I’m no Buddhist or scholar of Buddhism, but even I am familiar with the Heart Sutra, “the most frequently used and recited text in the entire Mahayana Buddhist tradition.” I had assumed that like your average sutra it was originally in Sanskrit or a Prakrit, but Jayarava Attwood, in an essay for Tricycle (primarily about a new way of seeing the text, as “describing the results of a meditation practice—the yoga of nonapprehension”), discusses a different theory:
For a long time, Buddhists believed that the Heart Sutra was composed in India, in Sanskrit.

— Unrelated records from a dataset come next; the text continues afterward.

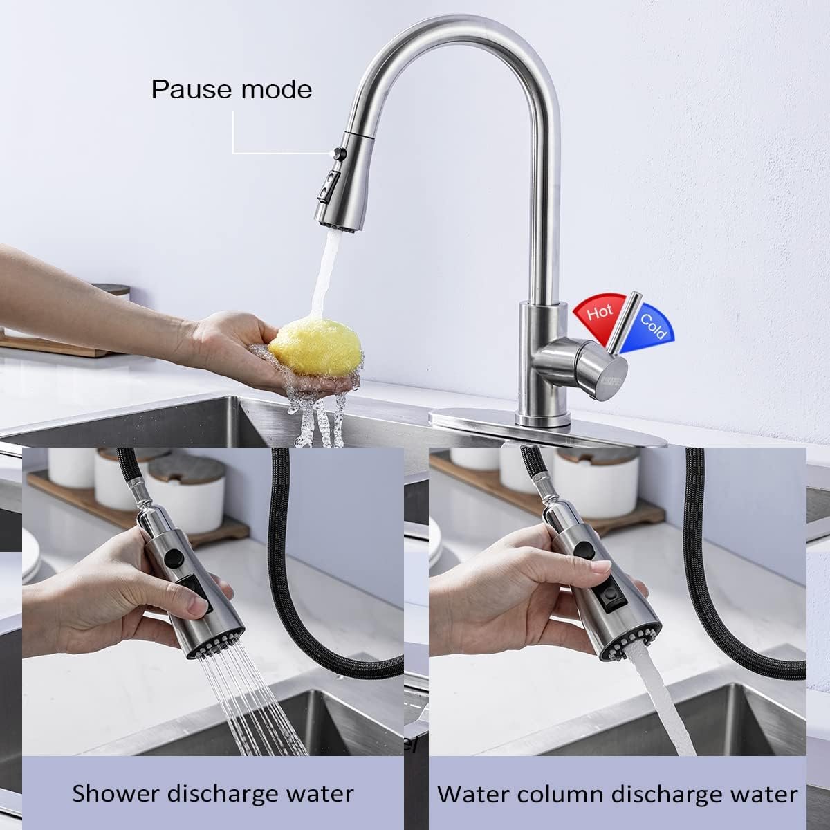 ✔【Multi-function】HSHAPAY kitchen faucet has 3-spray modes.spray mode for rinsing dishes with quick cleaning; pause mode for water-saving and convenient. You can choose the appropriate mode according to your washing
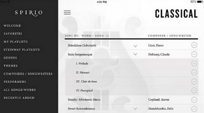 Spiriova elektronska memorija pohranjuje 1.700 komada muzike, koji se preuzimaju na iPad pomoću posebne aplikacije i komuniciraju s tipkovnicom preko Bluetooth-a.
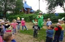 В гости прилетел Карлсон со своими шутками, играми и подарками для июньских именинников.
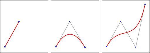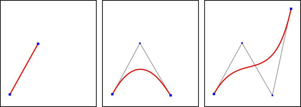 Keywords: Bezier grad123.svg en Bezier curves of the degrees 1 2 and 3 linear quadratic cubic with the associated control-point polygons de Bézierkurven der Grade 1 2 und 3 mit den zugehörigen Kontrollpolygonen own Chris828 date Bezier Curves
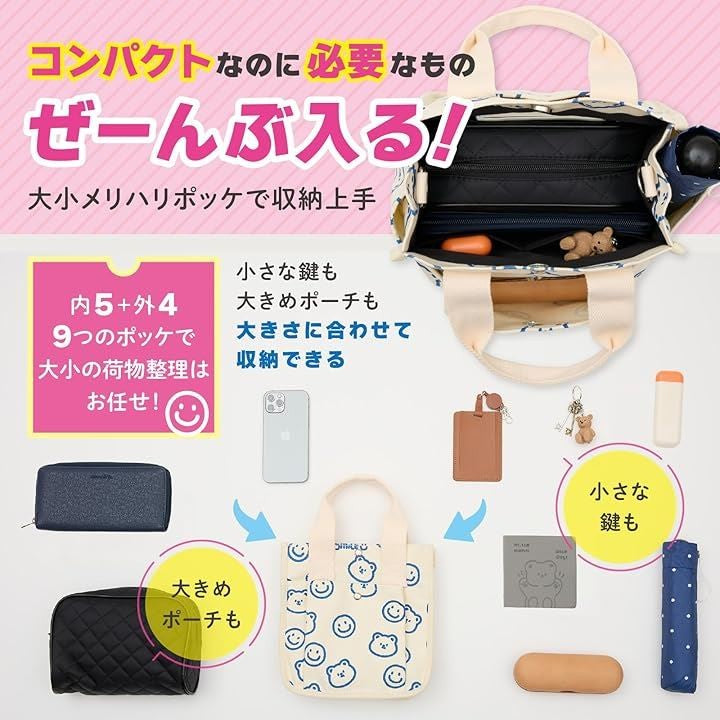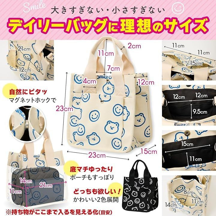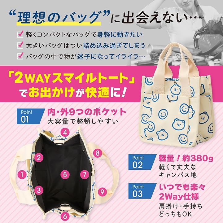 トートバッグ キャラクター スマイル ショルダーバッグ キャンバス ミニトート
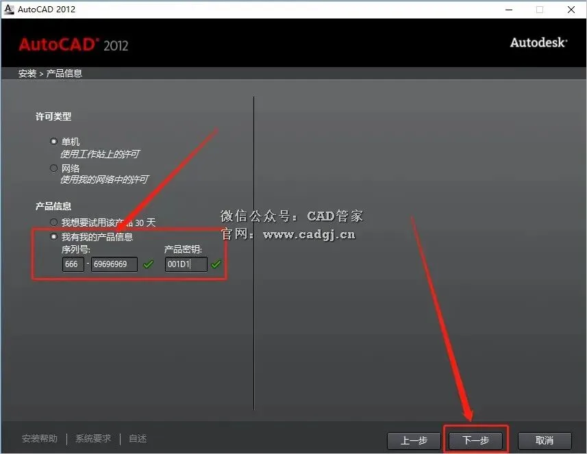 8.输入序列号:666-69696969,密钥:001D1,输入好后点击【下一步】。
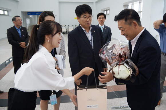 부산항만공사(BPA, 사장 우예종)는 오늘(31일)부터 본격적인 운영을 시작한 부산항 신국제여객터미널 2층 입국장에서 이날 첫 입항(오전 8시) 선박인 부관훼리 하마유를 통해 입국한 일본인 관광객에게 꽃다발을 증정했다.
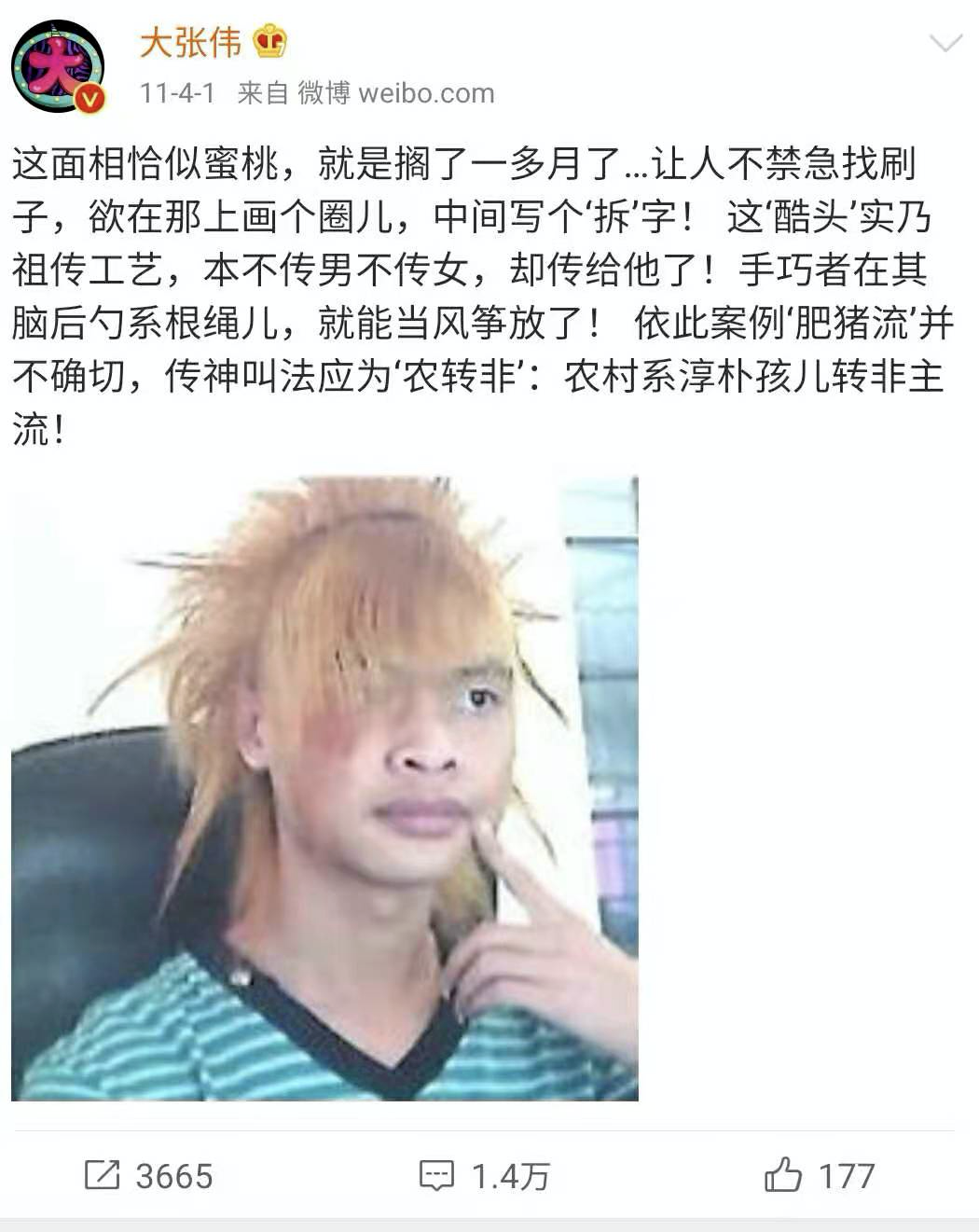 2011年,出道時曾作視覺系裝扮的花兒樂隊原主唱,在微博上傳了一張“殺馬特”造型圖片,並揶揄其為“農轉非”——農村孩子轉非主流 (“農轉非”原指城市化後農村户口遷出,因而這一説法帶有雙重惡意) 。

It was then transmitted to China and translated along with the rest of the Perfection of Wisdom literature. An article published in 1992 by a leading scholar of early Buddhist translations in Chinese turned this story on its head. Jan Nattier, then a professor at the University of Indiana, concluded from her research that the Heart Sutra was actually composed in Chinese. Nattier showed that the core passage of the Heart Sutra was copied from the 5th-century Chinese translation of the Large Perfection of Wisdom Sutra by the scholar-monk Kumārajīva (344–413 CE). The text was then back-translated into Sanskrit. More recently, I confirmed Nattier’s conclusions by showing that other passages were copied from the same text and that the Sanskrit Heart Sutra contains a distinctive Chinese idiom. Hundreds of similar texts were composed in China, where they are known as “digest texts” (Chin, chāo jīng), but only the Heart Sutra was translated back into Sanskrit. Nattier speculated that the famous 7th-century pilgrim and translator Xuánzàng may have composed the Heart Sutra, which seems plausible in light of recent work on this problem.
Does anybody know if this idea is widely accepted?